→ **Records provided**

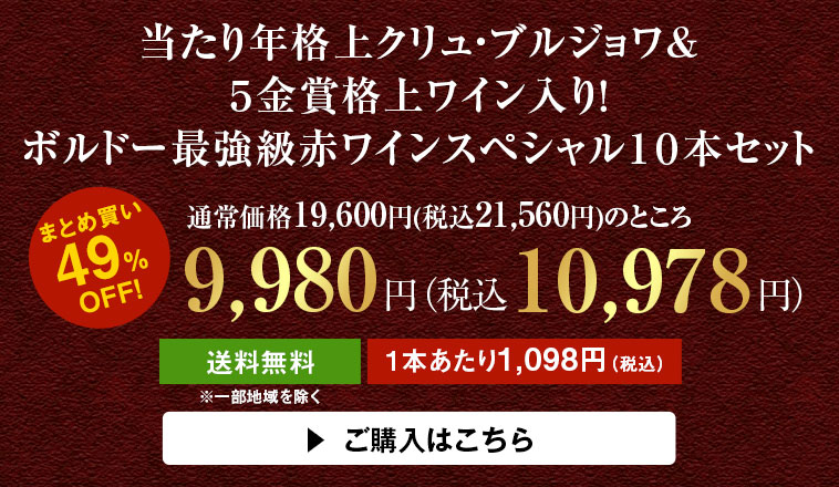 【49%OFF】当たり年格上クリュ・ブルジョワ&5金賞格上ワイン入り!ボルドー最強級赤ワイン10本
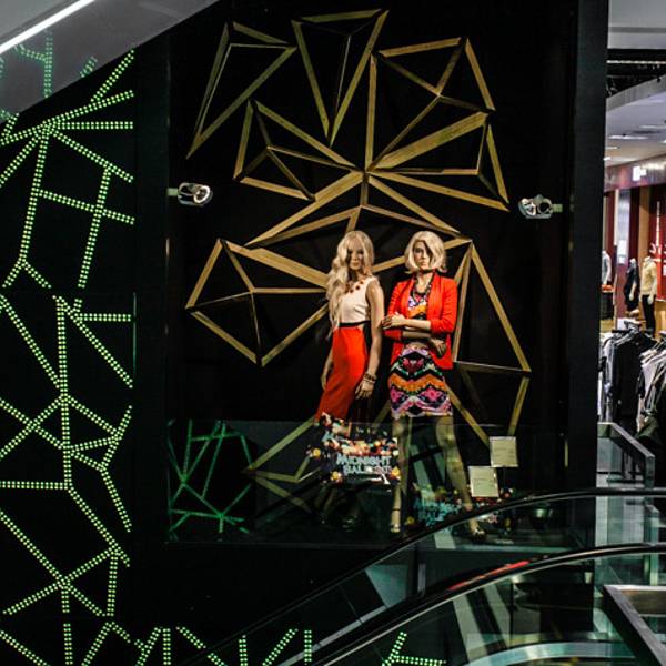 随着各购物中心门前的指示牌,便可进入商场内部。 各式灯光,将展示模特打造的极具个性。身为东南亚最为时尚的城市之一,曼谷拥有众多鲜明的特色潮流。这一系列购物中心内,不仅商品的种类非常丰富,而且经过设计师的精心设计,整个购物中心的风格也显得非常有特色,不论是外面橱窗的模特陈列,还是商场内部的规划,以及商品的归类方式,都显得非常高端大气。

* * *

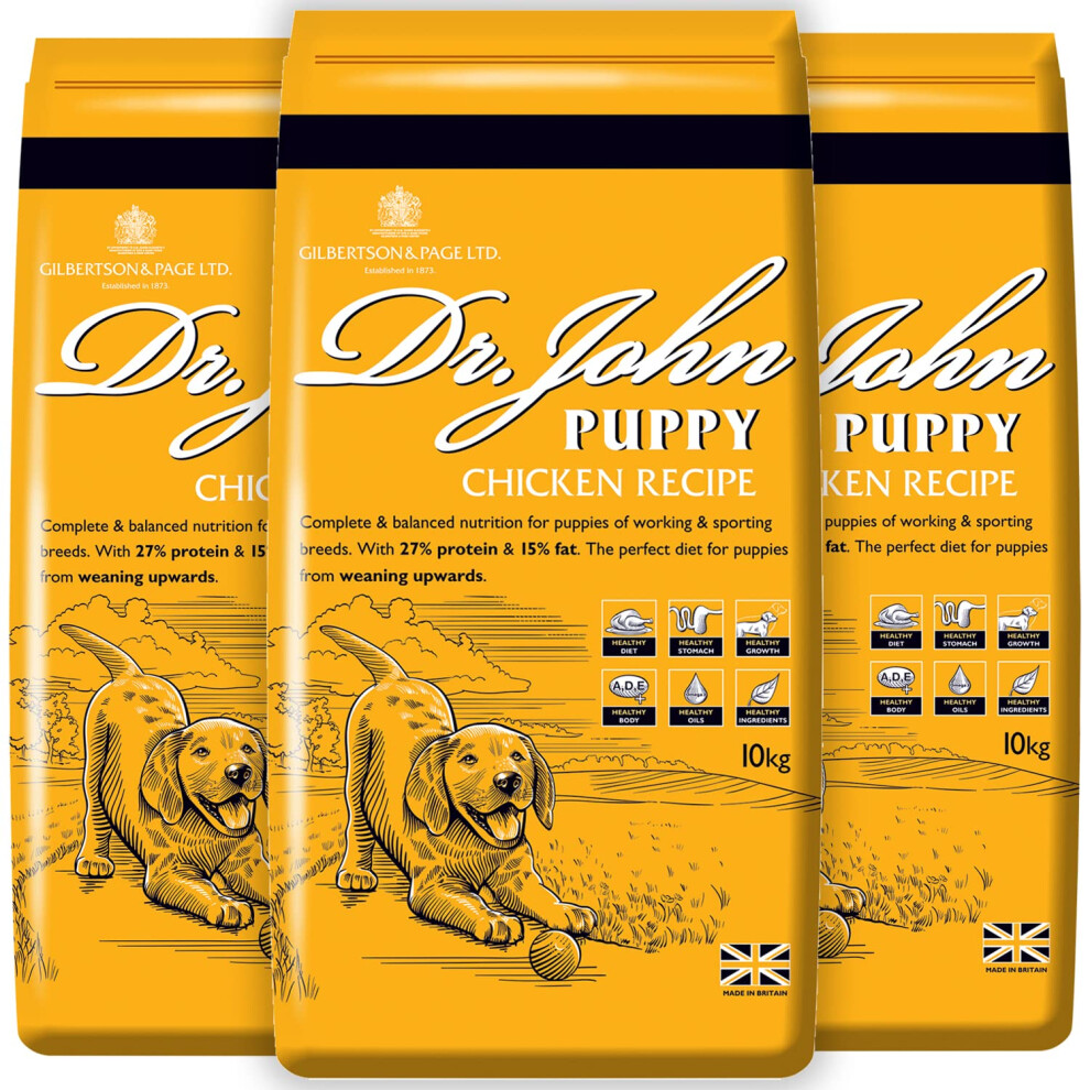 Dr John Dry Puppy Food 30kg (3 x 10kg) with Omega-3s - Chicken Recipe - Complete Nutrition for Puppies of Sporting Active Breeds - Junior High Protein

==

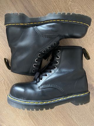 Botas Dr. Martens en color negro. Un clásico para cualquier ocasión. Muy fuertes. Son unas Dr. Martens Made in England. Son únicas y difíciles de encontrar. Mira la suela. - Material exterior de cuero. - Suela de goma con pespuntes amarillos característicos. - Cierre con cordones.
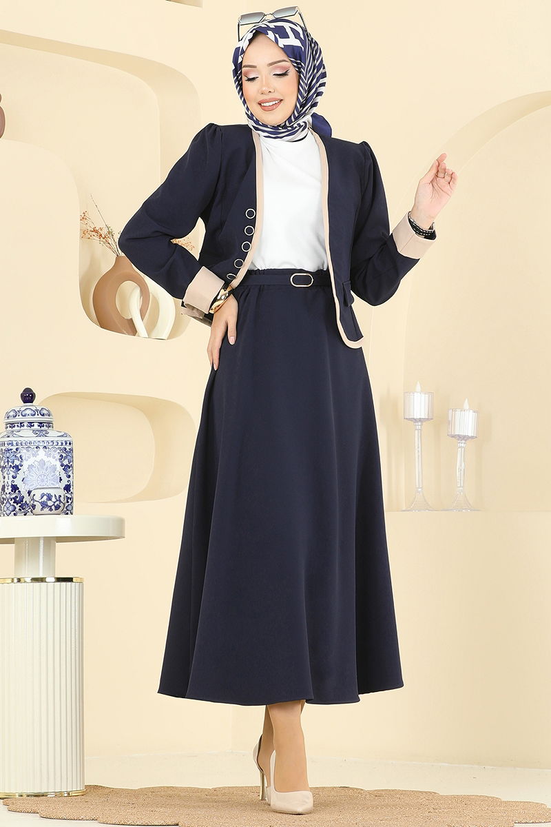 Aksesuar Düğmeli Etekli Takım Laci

→ **Aim of the task**
Would you print exactly the lines in the listing above, from the line bearing "Botas Dr. Martens" through the line bearing "Aksesuar Düğmeli Etekli Takım Laci", leaving out all pictures?

→ **Response area**
 Botas Dr. Martens en color negro. Un clásico para cualquier ocasión. Muy fuertes. Son unas Dr. Martens Made in England. Son únicas y difíciles de encontrar. Mira la suela. - Material exterior de cuero. - Suela de goma con pespuntes amarillos característicos. - Cierre con cordones.
 Aksesuar Düğmeli Etekli Takım Laci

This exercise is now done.